Bjornar Nicholaisen is 65 years old. He learned 10 years ago that Statoil, the Norwegian state oil company, wanted to drill the coasts of Lofoten, Vesterälen and Senja for oil and gas. Statoil estimated that there are some 13 billion euros of oil and gas revenues in the sea ground there. It would be a terrible waste, they claimed, for the pension reserves, for Statoil -now called Equinor- and for the region’s employment, to let it go to waste.

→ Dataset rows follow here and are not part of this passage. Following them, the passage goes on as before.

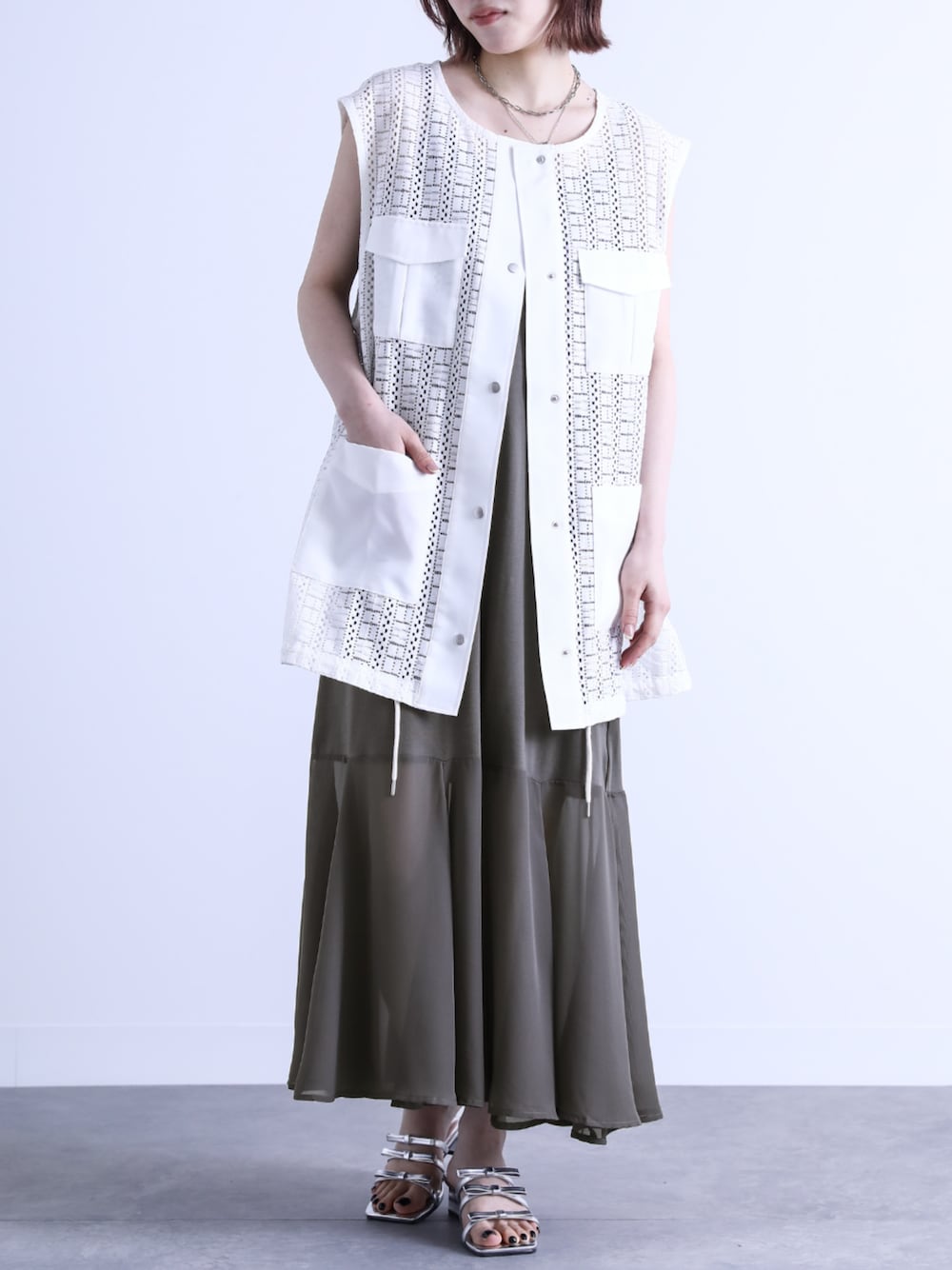 osharewalker staff(osharewalker ZOZO店)のワンピース「『裾シフォンフレアペチワンピース』」を使ったコーディネート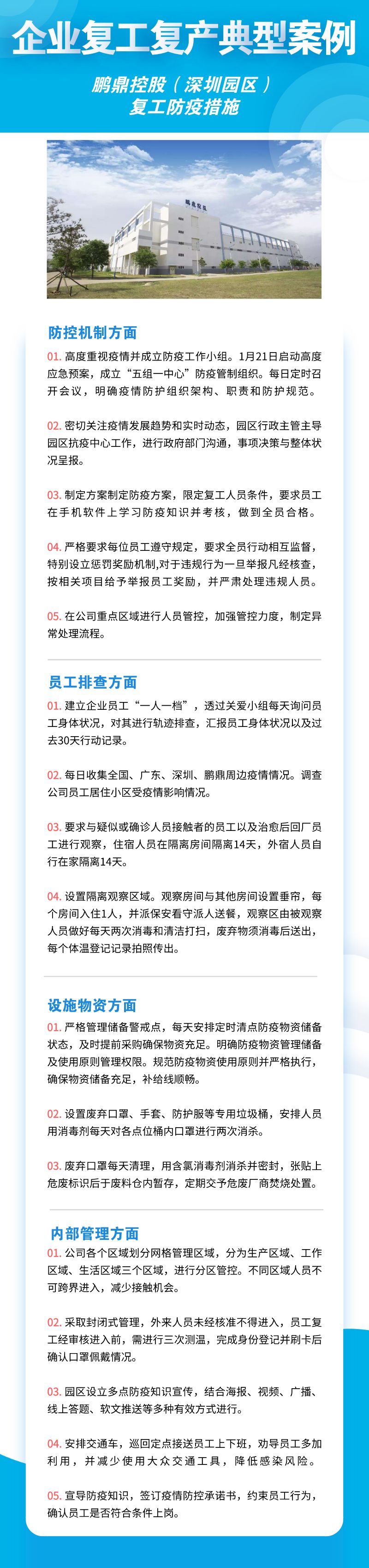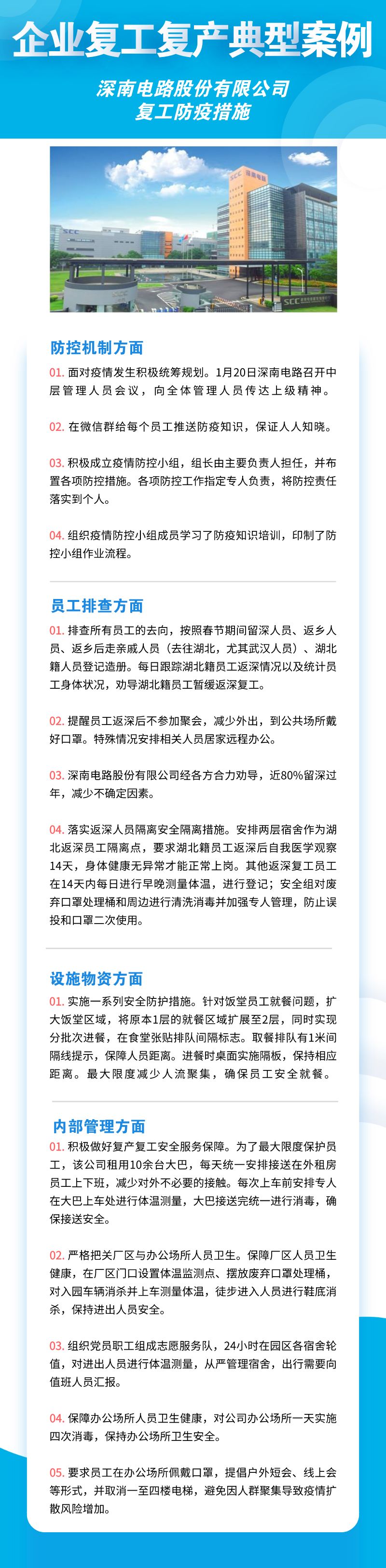 深圳市華為技術(shù)有限公司、聯(lián)想系統(tǒng)集成(深圳)有限公司、深南電路股份有限公司、比亞迪股份有限公司、創(chuàng)維集團(tuán)股份有限公司等8家公司,從防控機(jī)制、員工排查、設(shè)施物資、內(nèi)部管理四個(gè)方面來落實(shí)疫情防控措施,包括成立企業(yè)疫情防控小組、建立企業(yè)防控機(jī)制、提升員工防控意識(shí)、劃分隔離區(qū)域、宿舍食堂等區(qū)域消殺等舉措。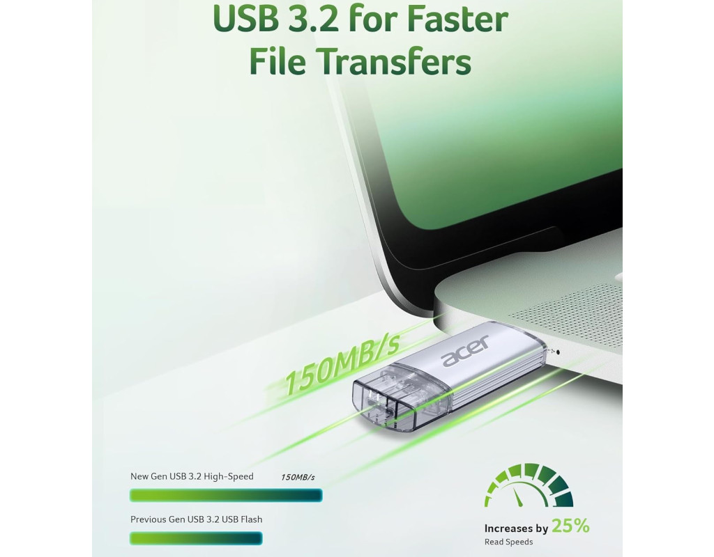 | USB Flash Acer UT300 256GB Dual Drive USB-C & USB-A, Retail |
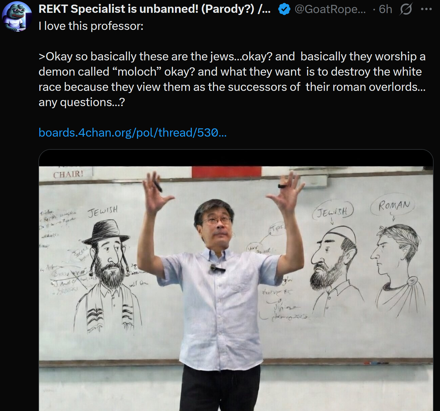 >>530413100Chink took too many redpills and now he's giving a bunch of high school kids lectures on the jews. He's basically pre-2016 /pol/ but Chinese.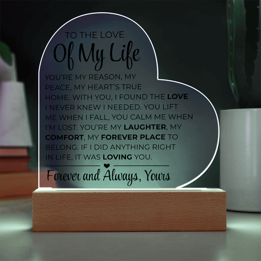 An die Liebe meines Lebens – Acrylplakette mit gedrucktem Herz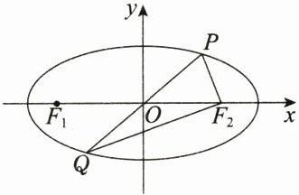 因为$\vert OP\vert=\vert OQ\vert$,$\vert OF_{1}\vert=\vert OF_{2}\vert$,所以四边形$PF_{1}QF_{2}$是平行四边形,所以$\vert PF_{1}\vert=\vert QF_{2}\vert$,$\vert PF_{2}\vert=\vert QF_{1}\vert$。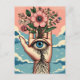 Cartão Postal Jardineiros Surreais Mão Com Flores Rosa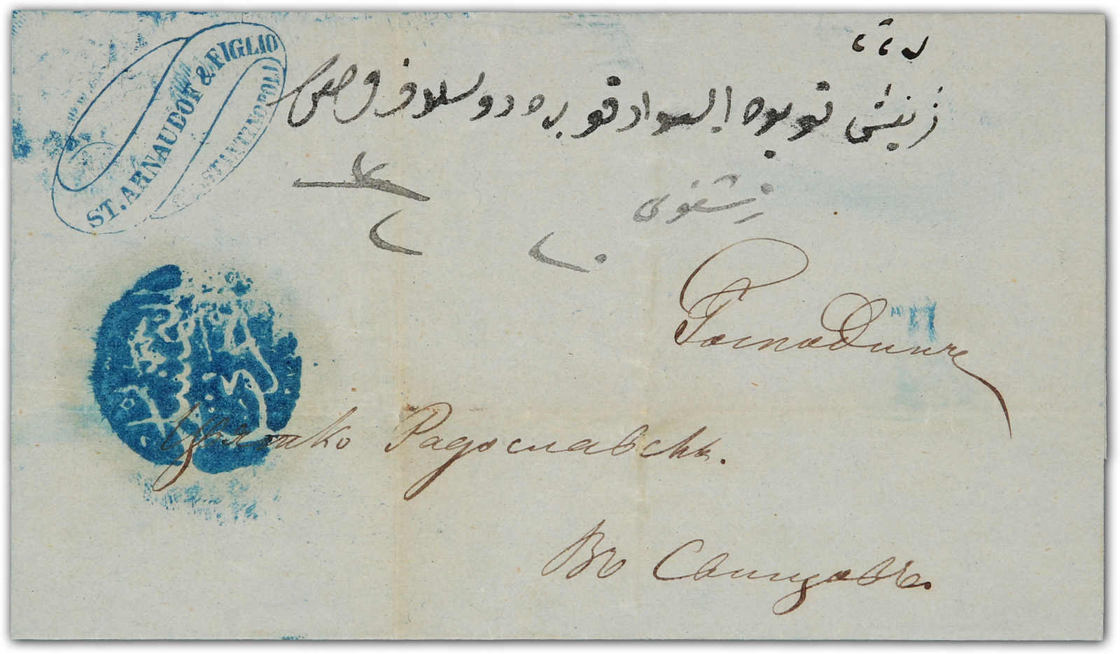 Svishtov-Ziştovi: 1859, cover from Constantinople to Svishtov showing all Arabic large negative strike of "Ücreti Alinmişdir 1274" (="Fee has been collected 1857") handstamp in blue (Coles & Walker fig. 14), "ST.ARNAUDOF & FIGLIO /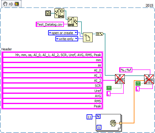 Datalogging mit "Write to Spreadsheet" in einer .csv-Datei

Bjornar, a sturdy fellow, not one for big drama, got upset. This location is the only one along the Norwegian shores of the Northern and Norwegian Sea that has not been exploited yet by the oil company. Because of the cod breading places, because of the shallow rifs. With all his energy, the support of his wife and his own money he began to rumble and talk about it, he played the media and did his own little thing. Gradually his actions became noticed, many people chipped in, especially young people. It became a movement, ngo’s took over and in April 2019, the biggest political party in Norway, the Labour Party, traditionally an ally of the oil business because of job promises, decided after many years of fighting this, to change camps: in practice they pledged to permanently keep Lofoten, Vesterälen and Senja oil-free. Great outcome, thanks to one man’s guts.